“The stalling of man is quite common and widespread.
The stalling of man is due to his curiosity,
is due to the ease of his distraction,
is due to the intent of his foe,
is due to his lack of attentiveness to the task in hand.
The stalling of man brings man to a halt,
brings man to investigate an errant train of thought,
brings man to make a conscious effort to reinstall the line of progress he was following.
The stalling of man is as a peripheral walk shaped as a diamond,
is as the unnecessary extending of the walk while browsing,
is as the wayward walk when the objective is not paramount.
The stalling of man speaks of not being concerned with progress,
of stopping to examine whatever takes his fancy,
of being at the beck and call of the direction of the wind.
The stalling of man often is a return to base for something overlooked,
for gathering and dropping,
for the need to search for the mislaid and for the promise to return.
The stalling of man can be casualness in action,
can be a tactic to delay,
can be the result of unpreparedness in the way of acquisitions.
The stalling of man can stifle the completion of the intended works of God,
can muddy and confuse the crystal clarity of the water,
can leave footprints going round in circles,
can leave footprints retreating for retrieval of that deemed necessary as an adjunct to that thought ample
The stalling of man can make him late for work,
can cause him to miss appointments,
can unnecessarily extend his timing for completions,
can be an extraneous cup of coffee slowly sipped.
The stalling of man can be a weather bomb bringing surplus,
can be a running out of energy,
can be a breakage in mobility,
can be an unexpected guest,
can be a long distance call,
can be further distractions preventing readiness to leave,
can be a freewill decision in the changing of priorities.

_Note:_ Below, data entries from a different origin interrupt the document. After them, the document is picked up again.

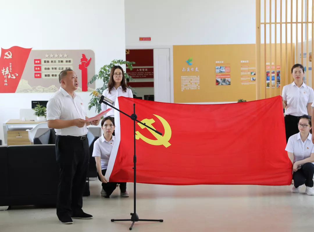 隨后,集團(tuán)黨委書記石再國代表集團(tuán)黨委向新黨員表示衷心的祝賀。他強(qiáng)調(diào),入黨宣誓是黨員政治生命開始的象征,黨旗代表了黨,誓詞概括了黨對(duì)黨員的要求,也概括了黨員對(duì)黨組織和黨的事業(yè)承擔(dān)的政治責(zé)任。在當(dāng)前全黨深入推進(jìn)“不忘初心 牢記使命”主題教育活動(dòng)的新形勢(shì)下,石再國對(duì)全體黨員提出了三點(diǎn)要求:一是要加強(qiáng)黨性修養(yǎng),從思想上真正入黨;二是要立足本職工作,發(fā)揮先鋒模范作用;三是要不忘初心使命,自覺踐行黨的宗旨。他希望每位黨員不忘入黨初心,謹(jǐn)記入黨誓詞,不斷提高對(duì)黨的事業(yè)的責(zé)任感和使命感。在今后的學(xué)習(xí),工作和生活中,以實(shí)際行動(dòng)來踐行自己的誓言,充分發(fā)揮共產(chǎn)黨員的先鋒模范帶頭作用。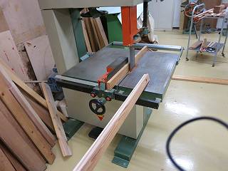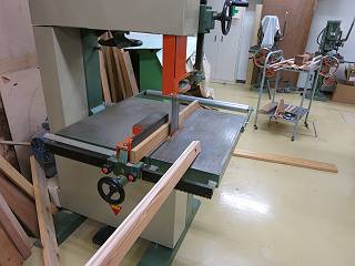 パズルにするには、材が厚いので帯鋸で半分に割る。この帯鋸は現場にはなかなか置いていないなぁ。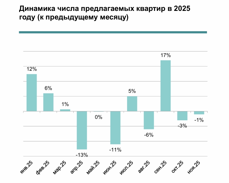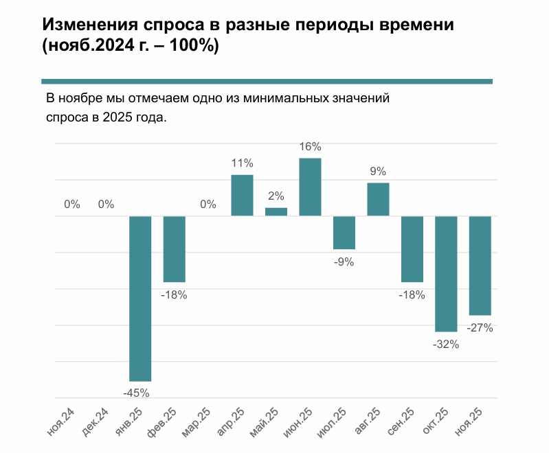 В конце года снова наблюдается тенденция снижения числа сделок и в ноябре мы отмечаем одно из самых минимальных значений спроса в 2025 году.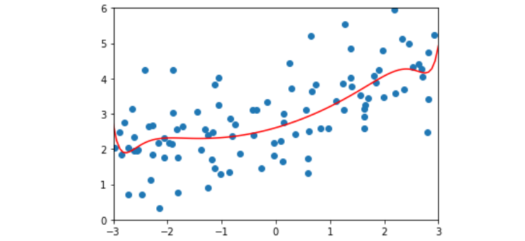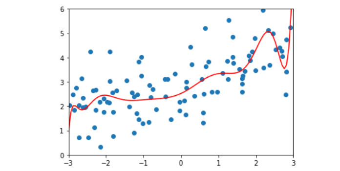 如果使用多项式回归,degree为100的话,就会发生过拟合

The stalling of man can impinge on his walk with God,
can affect his relationship with God,
can distract him from his taskings from God.
The stalling of man should not be permitted to interrupt the chain of his activities,
should not fail to be recognized for what it is,
should not be accepted as inherent in his way of life,
should not always be waiting just around the corner:
there to cause disruption and delay.
The stalling of man in his decision process is critical to man,
may send him to an unintended destination,
may commit him to an unwanted destiny,
may expose him to the distraught and unforgiving,
may place him where he never thought he’d be,
may leave him wondering how on earth this came to be,
may find him back-peddling in desperation as he rears back from the very edge of the cliff of death.
The cliff of death terminates man’s time of preparation,
his time under grace,
his time to join the bride,
his time for making the decisions which impact on his destiny.
The cliff of death locks in the stallings of man with all he failed to set in motion.
The cliff of death terminates the opportunity for commitment while it is still today.
The cliff of death welcomes to the grave with demons looking on.”